Archbishop calls on G20 leaders to invest in conflict prevention

Archbishop calls on G20 leaders to invest in conflict prevention

By staff writers
28 Mar 2009

Anglican Archbishop of York Dr John Sentamu has called on leaders of the G20 nations gathering in London for their conference next week to increase their commitment to conflict prevention.

The archbishop made his call, which included a specific reference to the need for funding, in a speech to mark the launch of the Parliamentarians Network for Conflict Prevention and Human Security.

Dr Sentamu drew on his recent visit to refugee camps in Kenya set up to house people displaced by last year’s conflict which surrounded the national elections.

He said that there was a “moral imperative” to prevent conflict and guarantee human security, adding: “Without human security the continuing tragedies that we see unfolding in Darfur and Zimbabwe will continue."

"Populations outraged at these daily acts of inhumanity wonder why their own governments have been reduced to inaction as these conflicts continue with their increasing human cost," Dr Sentamu declared.

He also pointed to the “blatant disregard for human rights” that often accompanies conflict, including the use of child soldiers, the systematic rape of women and girls and the execution of unarmed civilians.

“All sense of human worth and dignity is lost in these most brutal conflicts,” he said.

The archbishop continued: “The underlying essential truth that each of us is created in the image of the Divine and that as carriers of God’s image, each one of us needs to be treated with love, care and respect is a truth denied and violated in each of these conflicts.

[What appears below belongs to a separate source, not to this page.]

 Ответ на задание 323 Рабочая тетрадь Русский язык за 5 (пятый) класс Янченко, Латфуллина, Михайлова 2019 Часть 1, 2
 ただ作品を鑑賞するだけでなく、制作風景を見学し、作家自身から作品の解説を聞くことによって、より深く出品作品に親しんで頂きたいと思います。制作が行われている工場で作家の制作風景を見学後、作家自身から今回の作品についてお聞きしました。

Each one of us is a stand-in for God. In the killing fields of our world, God is being violated and blasphemed.”

Dr Sentamu warned that the global economic turmoil could fuel more conflict unless the G20 started to invest in conflict prevention.

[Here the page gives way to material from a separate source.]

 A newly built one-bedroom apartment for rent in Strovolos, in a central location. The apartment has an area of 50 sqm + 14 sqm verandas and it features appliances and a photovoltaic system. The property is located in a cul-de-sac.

“We need to act and act decisively now,” he said.

“The UN has stated that the ‘biggest source of inefficiency in our collective security institutions has simply been an unwillingness to get serious about preventing deadly violence. This indifference has gone on long enough.”

The archbishop acknowledged the Government’s substantial investment in the Millennium Development Goals to halve global poverty, but warned that the results could be undone if government leaders fail to address conflict.